Kehidupan masyarakat setempat yang menganut dua agama (Katolik dan Islam) tampak sangat solid dan kompak. Mereka saling berbaur, bahu membahu, bergotong royong dalam hajatan bersama.
Hal itu tampak terlihat jelas saat pengukuhan tetua adat (Mosalaki) setempat pada Senin (10/08/2020) sore di Wolo Oja dalam rangkaian acara Festival Kelimutu dan Pelangi Nusantara Tahun 2020.
Kampung ini dapat dinobatkan sebagai kampung teladan toleransi di NTT bahkan di Indonesia secara umumnya.
Sebab, sikap macam ini dianggap makin penting di tengah kecemasan masyarakat misalnya sikap diskriminasi, intoleran dan aksi kekerasan terhadap kaum minoritas di Indonesia.
Pengamatan VoxNtt.com, warga Wolo Oja tampak sangat rukun dan solid untuk menjaga rasa persaudaraan. Meski berbeda agama, dalam urusan kekeluargaan atau kegiatan umum mereka cukup aktif berperan, bersatu dan tidak saling bergesekan.
Mereka disebut masih dalam satu keturunan yang sama sejak dahulu kala. Bahkan hubungan kawin mawin beda agama pun sudah menjadi tradisi mereka.
“Kawin mawin biasa, ya Islam dan Katolik. Ya, sudah biasa kita di sini. Karena ini semua keluarga, hidup sudah saling memahami,” kata warga setempat yang mengaku bernama Martin.
Mengenai kehidupan toleransi pun ditekankan Wakil Gubernur NTT, Yosef A. Nae Soi saat berkunjung ke sana.
Ia sendiri mengaku menyaksikan hidup rukun antar-warga beda agama Kampung Wolo Oja. Gotong royong atau kerja sama antar warga beda agama di wilayah setempat disebut sebagai teladan toleransi yang terus dijaga.
Kata Nae Soi, kampung inilah yang benar-benar menerapkan sikap toleransi dengan tidak membeda-bedakan suku, membedakan ras apalagi agama.
“NTT dijuluki dengan Nusa Terindah Toleransi. Kalau belajar toleransi belajarlah ke NTT,” tutur Wagub Nae Soi.

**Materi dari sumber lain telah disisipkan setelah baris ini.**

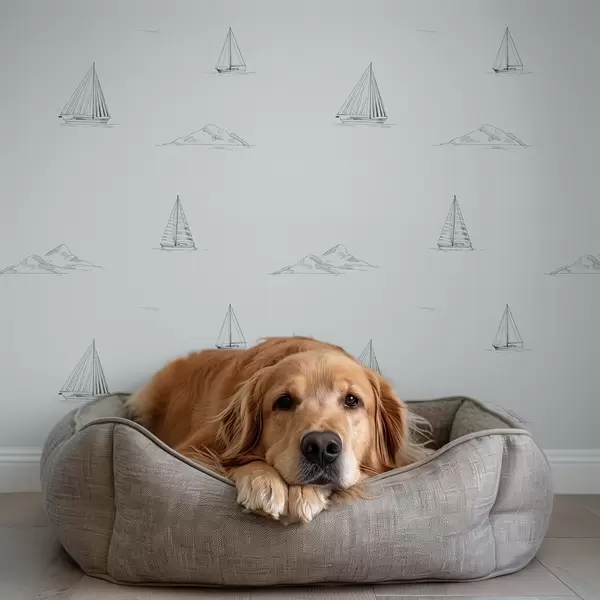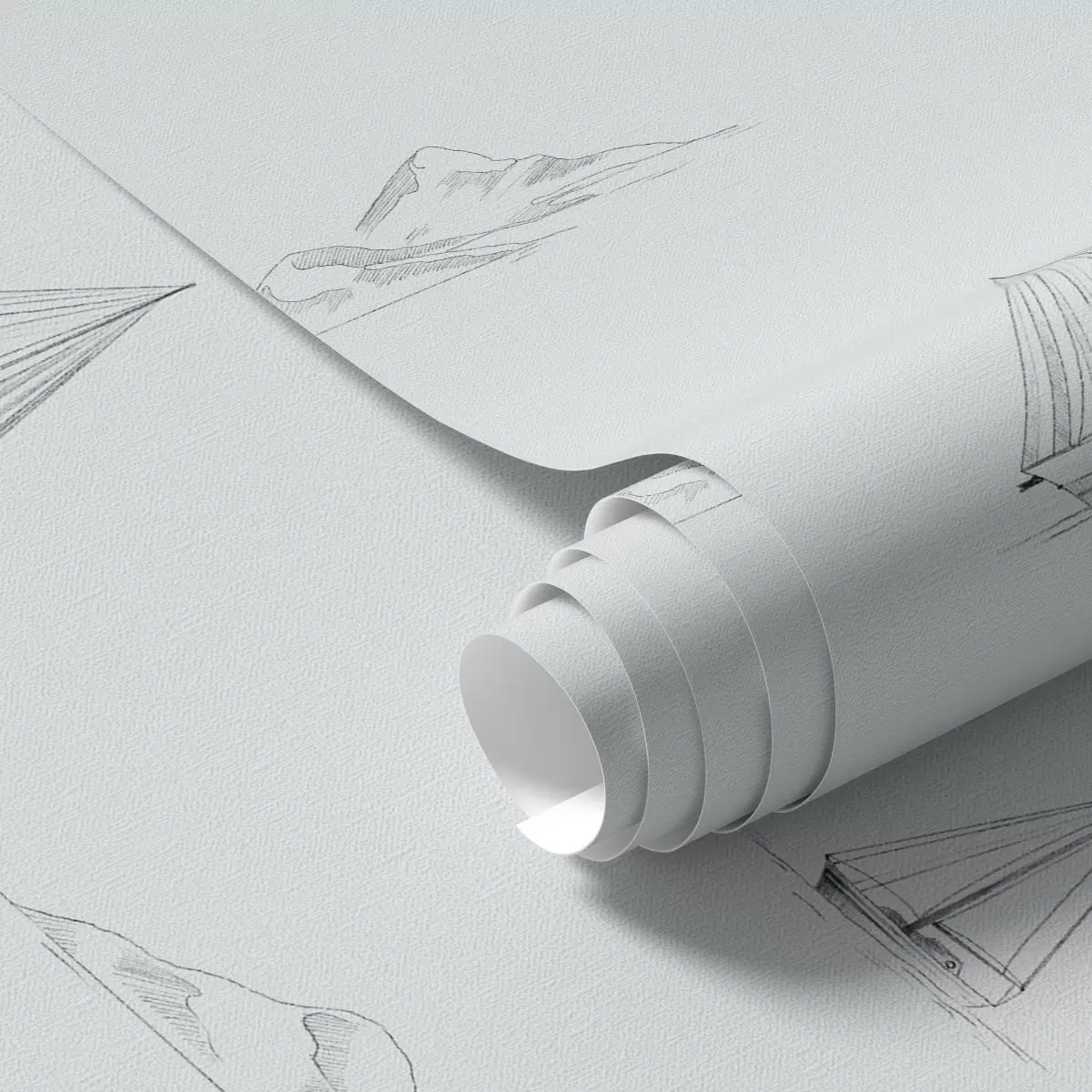 Tapetes Skices ar jahtām un salām, vēsā zils-pelēkā fonā Nr. a00654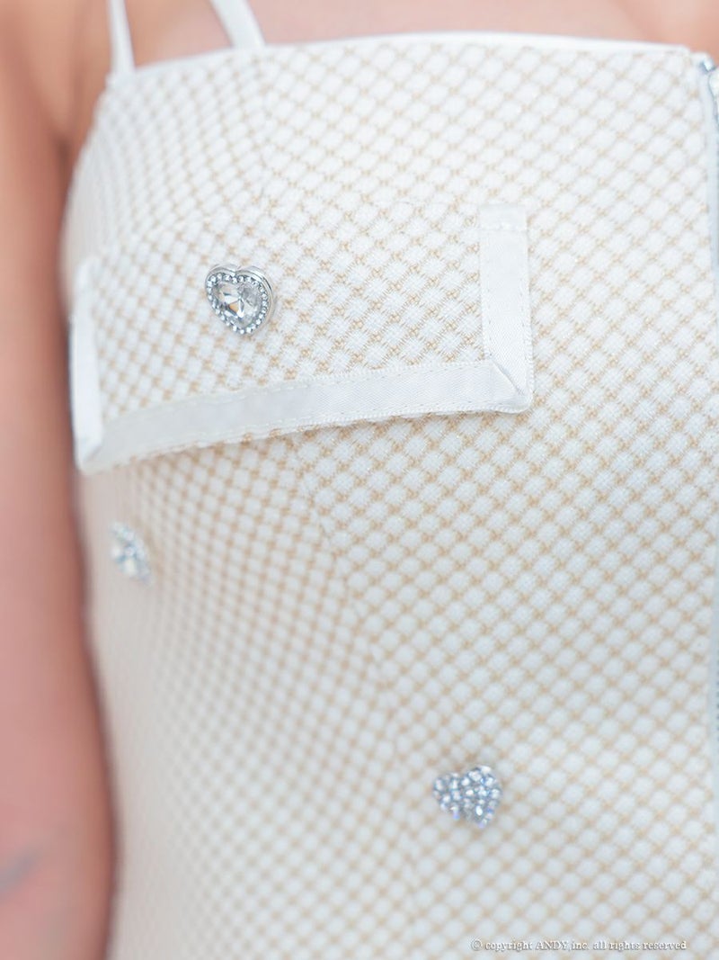 3. [an/アン] 高級 キャミソール ジップデザイン ショルダーリボン ウエストベルト チェック柄 プリーツ セットアップ フレアミニドレス

Ia mengingatkan warga setempat bahwa totalitas sikap toleransi dalam urusan keagamaan harus sejalan dengan sikap cinta terhadap tanah air. Seratus persen agama, seratus persen mencintai bangsa dan negara.
“Biar kita berbeda-beda tapi ingat bahwa kita adalah satu, kita adalah saudara. Ini yang harus ditanamkan pada diri kita masing-masing,” katanya.